McLaren’s juggling of Lewis Hamilton and Jenson Button’s sensitivities has a decidedly New Labour slant, writes Leon Walker

Game Theory

Formula 1 team McLaren’s ongoing problems with trying to keep driver Jenson Button and Lewis Hamilton not only successful, but in the same stable for the good of the team, is reminiscent of New Labour’s struggles with Tony Blair and Gordon Brown. And team principal Mike Whitmarsh has been forced to adopt John Prescott’s peacemaker role.

During the turbulent last few years of Tony Blair’s premiership, numerous political accounts from figures such as Peter Mandelson and Alistair Campbell have revealed that Prescott was instrumental in maintaining communication between Numbers 10 and 11 Downing Street – long after face-to-face contact between the government’s leading lights had become virtually impossible.

Prescott’s aim was to maintain Labour’s grip on government – and, by extension, its success – by keeping its two architects in a political Big Tent.

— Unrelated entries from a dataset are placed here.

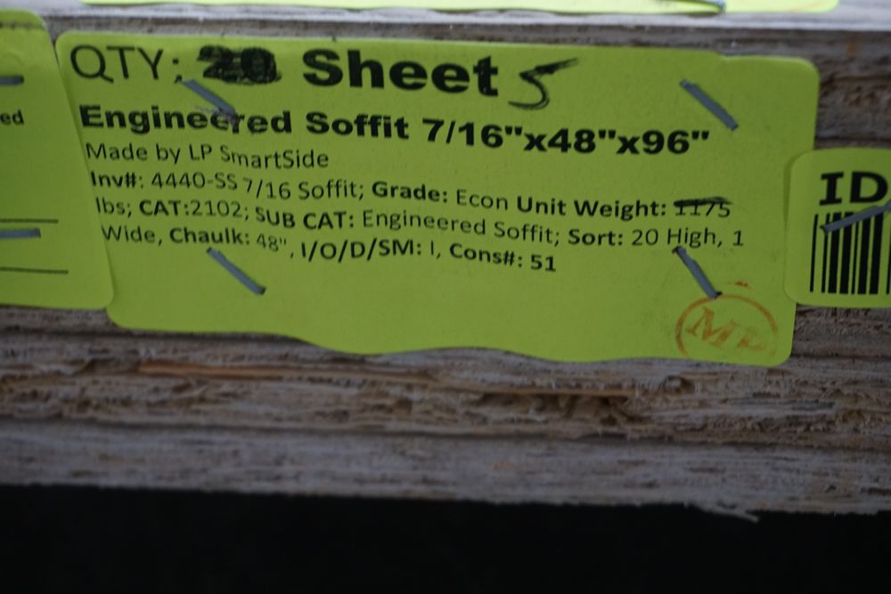 Engineered Soffit, 7/16" x 48" x 96" *See Desc. Made by LP SmartSide. *Delaminated. All Sheets.* Grade: ECON. *Any manufacturer warranties are NOT VALID with any purchase at our Auctions unless stated otherwise.. Weight: x. Sold by: Sheet. Sold as: Quantity x Price.
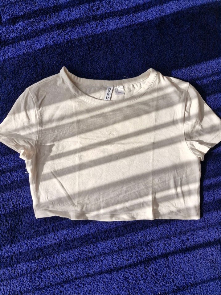 Baya kısa crop tişört beyaz. M beden Artık tarzıma uymuyor, o yüzden satıyorum. %95 Pamuklu, %5 elastan
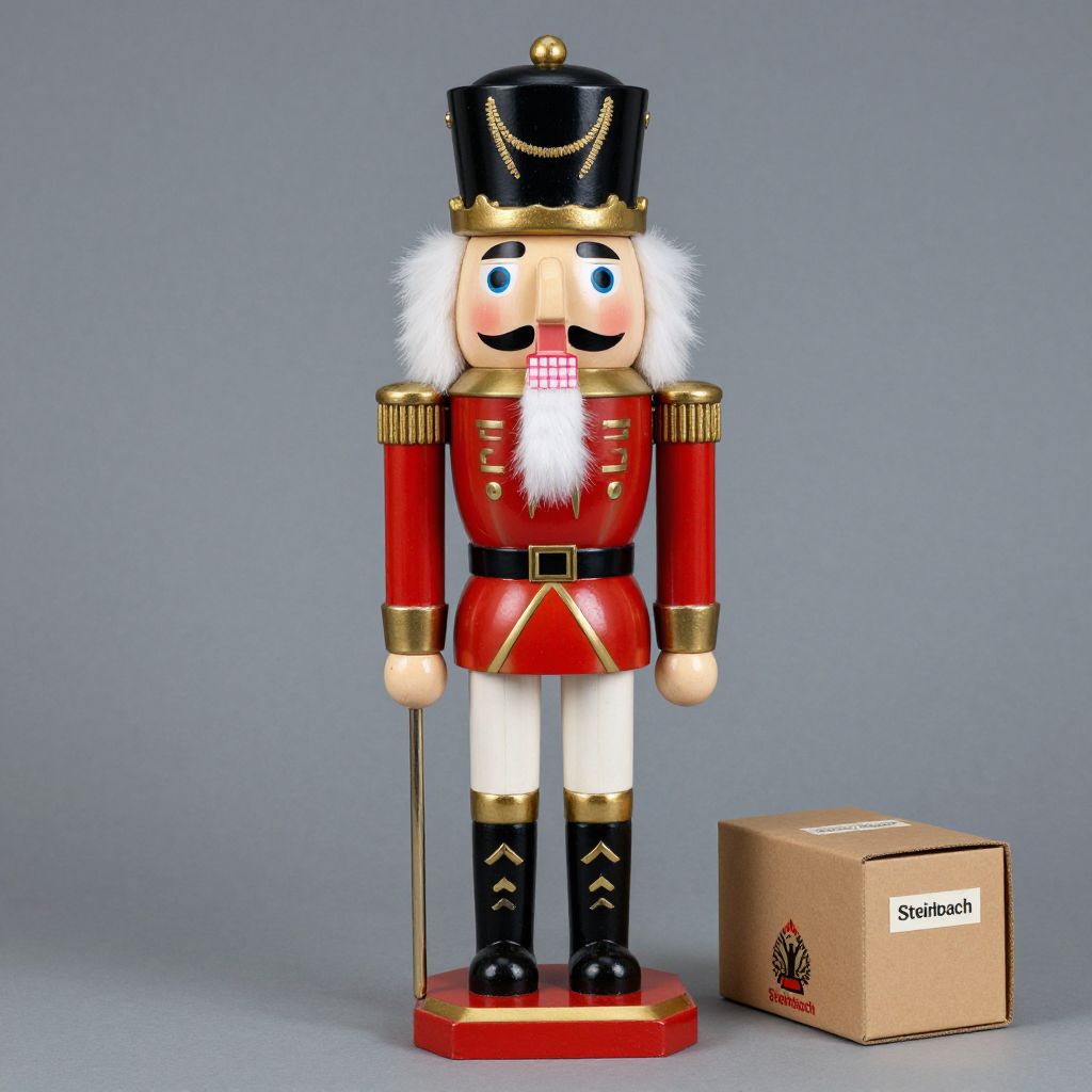 Photograph of a classic Nutcracker soldier with red uniform, white pants, black boots, and gold accents, standing beside a "Schleich"
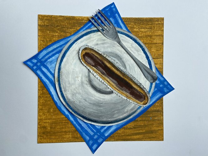 Een éclair op een zaterdagnamiddag om 14:30. Het eerste werk van een nieuwe reeks koffiekletsen.
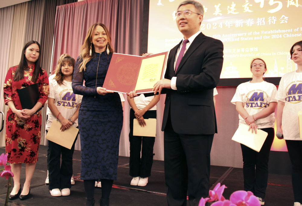 2024年2月27日,中国驻芝加哥总领事馆举办庆祝中美建交45周年招待会,来自马斯卡廷中学的学生们在招待会上收到一份特殊礼物——中国国家主席习近平给他们的复信。新华社记者 徐静 摄

Similarly, Whitmarsh’s task at present seems to focus on keeping Hamilton at McLaren – and having two winning drivers in the fold – in the wake of Mercedes’ reported courting of Hamilton and a gradual cooling of relations between the two drivers.

Hamilton has been asked to take a pay cut at McLaren as the team seeks to tighten its belt. His response to this has been a typical Hamilton outbreak of petulance and childish behaviour, including a bizarre situation just over a week ago where he shared an image on Twitter of his team’s top-secret car performance data.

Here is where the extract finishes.